3. International people are reading my blog, this surprised me and it is only through the WordPress statistics that I discovered this fact. I am still waiting for the tool to discern between readers and search engines. In the meantime, it gives me pause and reminds me of what a bubble I am in here in the US, I need to look for and read more international blogs. Special shout out to my friend in Greece, I think those 18 hits are real:-)
4. Connecting to Twitter and Facebook and other social media does spread my blog, I have had many Facebook friends share my blog, a big compliment! Also, a fellow blogger, Simon at Living in Dryden, graciously talked about and linked my blog to his, note this has led to many referrals.
6. I enjoy the challenge of search engine optimization. By using links and titles with key words in them, I have found my blog posts showing up on the first few pages of goggle searches. Below is a screen shot of a blog that showed up on page 2, at number 15 of 107,000 results, not too shabby.
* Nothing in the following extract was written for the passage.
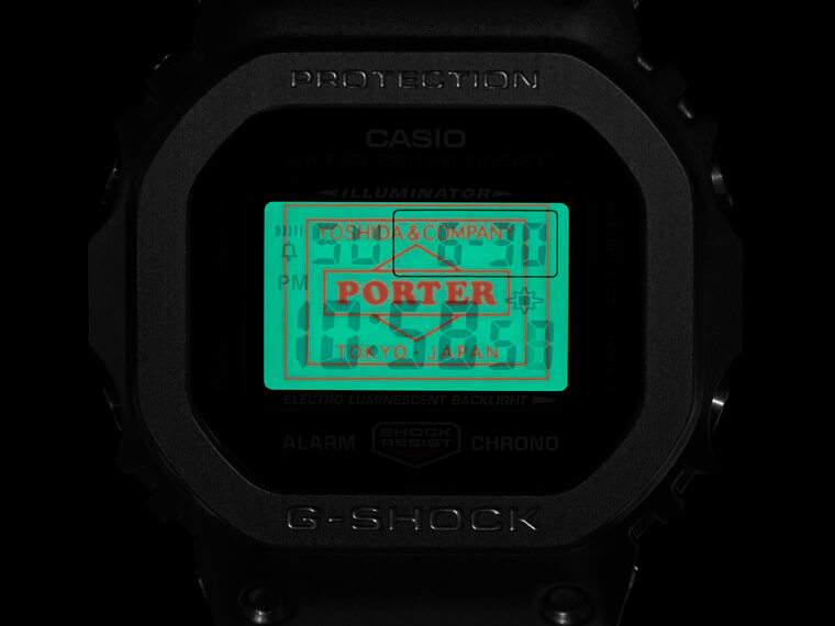 GM-5600EY-1以G-SHOCK人氣系列GM-5600為基礎,它的錶殼為鍍成黑色的不鏽鋼,質感比起一般樹脂錶殼的G-SHOCK更吸引人,至於手錶的液晶顯示螢幕可以顯示基本的時間資訊外,也還有計時碼錶、倒數計時、鬧鈴等豐富功能。同時黑色邊框的面盤也融入能代表YOSHIDA PORTER的橘色細節,突顯雙方聯名的珍貴意義。此外當佩戴者按下冷光燈,螢幕上還會浮現YOSHIDA & COMPANY與PORTER Logo,隱含的設計巧思讓人發出會心一笑。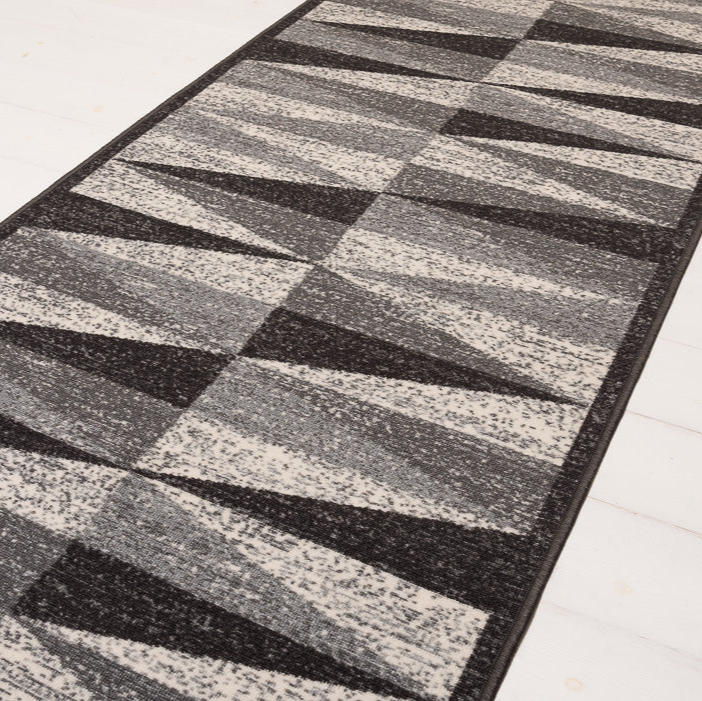 GÄngmatta i elegant mönster. Den Àr gjord av slitstark nylon och har en gummiundersida för att ligga stadigt pÄ golvet.

7. Tags also work, I received a nice e-mail note from a sports writer in Vegas after writing a post about the movie 42 and Branch Rickey. This was especially fun because a gentleman in my writing group has commented on my audacity to write about sports, as a non-athletic woman:-)
In an unrelated situation, a WSKG reporter, Matt Richmond from the Innovation Trail, found my blog and requested an interview with me on rural broadband. I was especially complemented because also interviewed for that segment were two thought leaders, Pat Pryor, a Tompkins County Legislator, and David Salway, Director of the NY Broadband Program Office.
8. There are some very good books about social media and much of what I learned, I read in…The New Rules of Marketing and PR. Also, big shout out to my strategic communications professor at Ithaca College, Steve Seidman who supported my first blogging, social media efforts. He blogs on Posters and Election Propaganda with interesting content and great visuals.
9. I really enjoy reading my friends’ blogs. One friend is from my writers’ group and posts about her life in this area, my adopted home for 20 years: LansingIthaca. Another friend lives in Jamaica and writes an elegant blog about fashion. It is deliberate and focuses on one aspect per post. http://sweetofstyle.wordpress.com/
10. WordPress.com allows me to write in an uninhibited way, sure I get criticisms but I get compliments too. The more I write, the more resilient I become and the more I learn. I have read quotes similar to this one by Taylor Swift, I agree with it:
11. Perspective, for every positive about blogging, I do keep in mind that there are always better bloggers and more popular social media artists out there. One day when I was talking to a friend, he told me about someone who had over a million hits to her Parkour YouTube.
12. I blog because it is fun and it gives me a venue for my writing and photography, something I really enjoy. Which as my first reader, Radames Perez, tells me is at the heart of all creative efforts. He also bought me a book in 2004, way before my blogging career began, Midnight Disease, The Drive to Write, Writer’s Block, and the Creative Brain by Alice Weaver Flaherty. This is about hypergraphia and I think my husband’s diagnosis was correct.